» **Raw data**
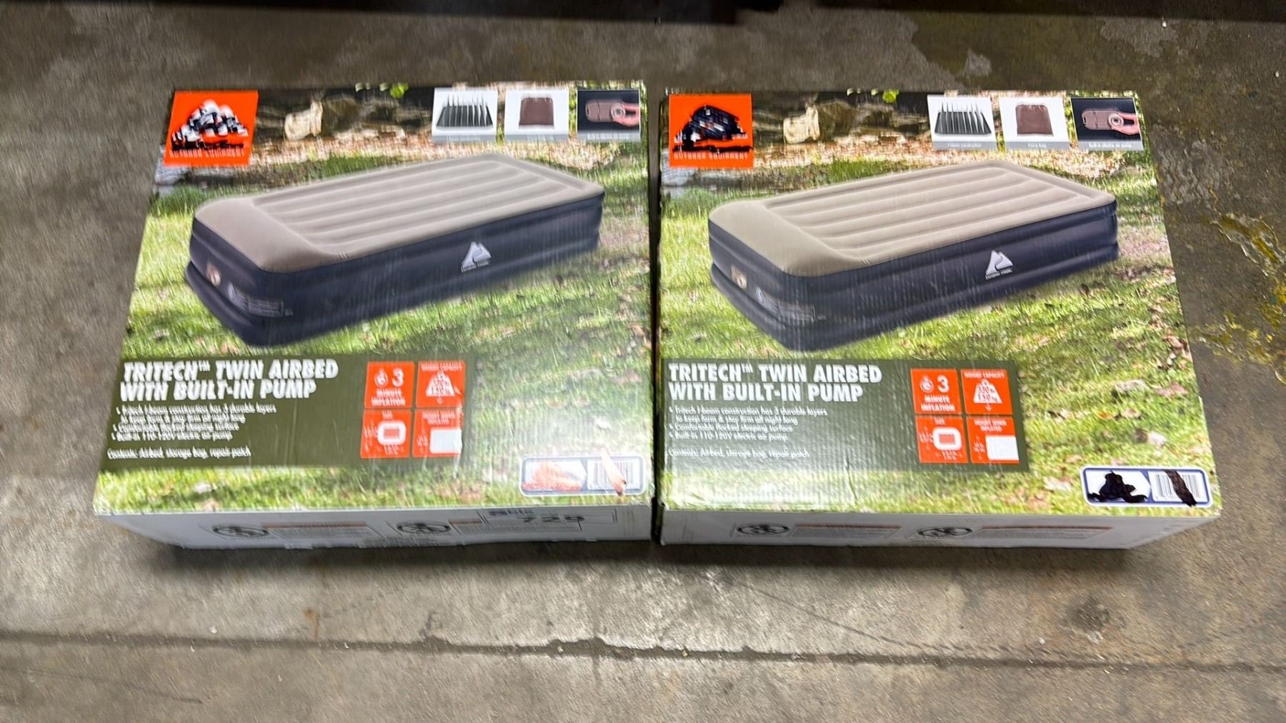 PAIR OF OZARK TRAILER TWIN AIR BEDS WITH BUILT IN PUMPS
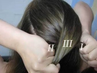 - Les doigts de la main droite (deuxième ou troisième) séparent une petite mèche des cheveux à gauche de la tête. Les premier et deuxième doigts de la main gauche aident. Ensuite, la boucle est décalée dans la main opposée.
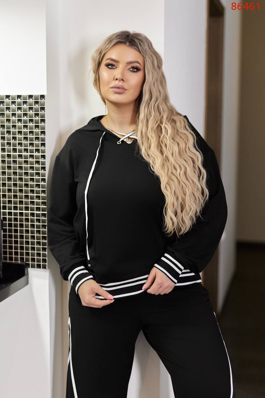 Худі вільного крою з капюшоном, на грудях має шнуровку , низ худі і манжети прикрашені рибаною, штани високої посадки з бічними кишенями, вільного крою.
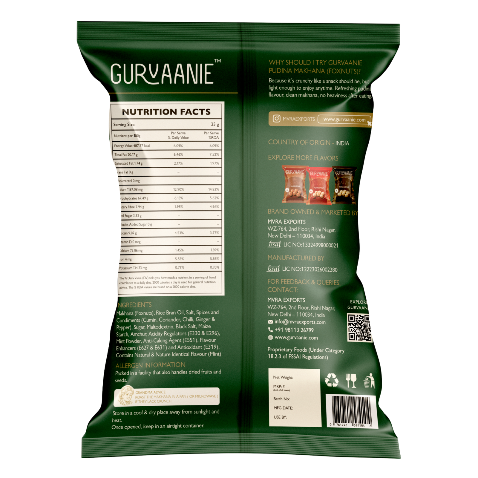 | Product Name | Gurvaanie Mint (Pudina) Flavoured Makhana (Foxnuts). A Light & Crunchy Healthy Indian Snack |
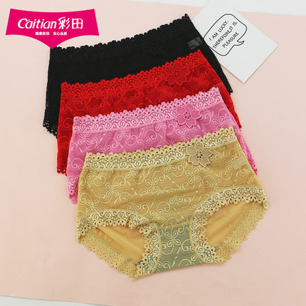 4条价包邮彩田性感透明棉档网纱蕾丝舒适中腰平角内裤女30136时尚
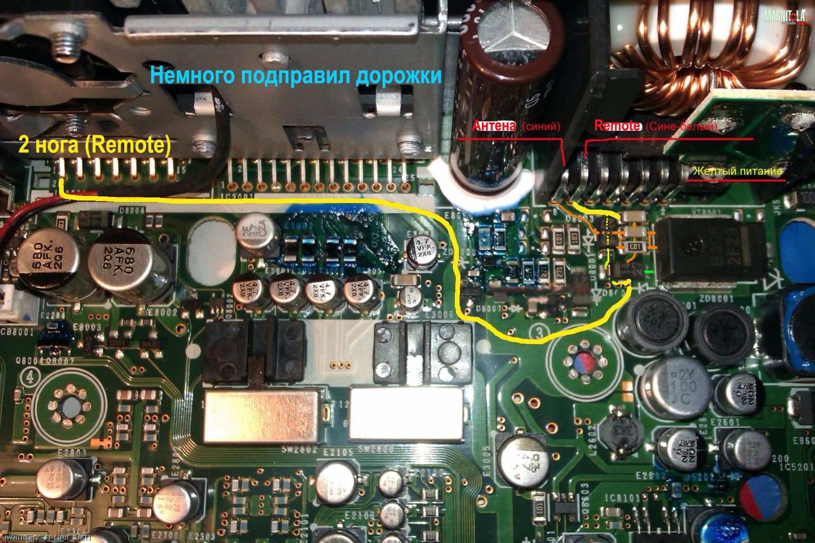 Вложение 1271825 На фото поправил откуда и куда идет дорожка Remote от разъема (дорожка нарисована желтым). На разьеме 2й пин уходит на обратную сторону платы и идет через пару диодов на 2й пин микросхемы HA13165H.

» **What the exercise asks**
From the line with "- Les doigts" down to the final line of the entries above, repeat each line exactly; omit the pictures.

» **Your solution**
 - Les doigts de la main droite (deuxième ou troisième) séparent une petite mèche des cheveux à gauche de la tête. Les premier et deuxième doigts de la main gauche aident. Ensuite, la boucle est décalée dans la main opposée.
 Худі вільного крою з капюшоном, на грудях має шнуровку , низ худі і манжети прикрашені рибаною, штани високої посадки з бічними кишенями, вільного крою.
 | Product Name | Gurvaanie Mint (Pudina) Flavoured Makhana (Foxnuts). A Light & Crunchy Healthy Indian Snack |
 4条价包邮彩田性感透明棉档网纱蕾丝舒适中腰平角内裤女30136时尚
 Вложение 1271825 На фото поправил откуда и куда идет дорожка Remote от разъема (дорожка нарисована желтым). На разьеме 2й пин уходит на обратную сторону платы и идет через пару диодов на 2й пин микросхемы HA13165H.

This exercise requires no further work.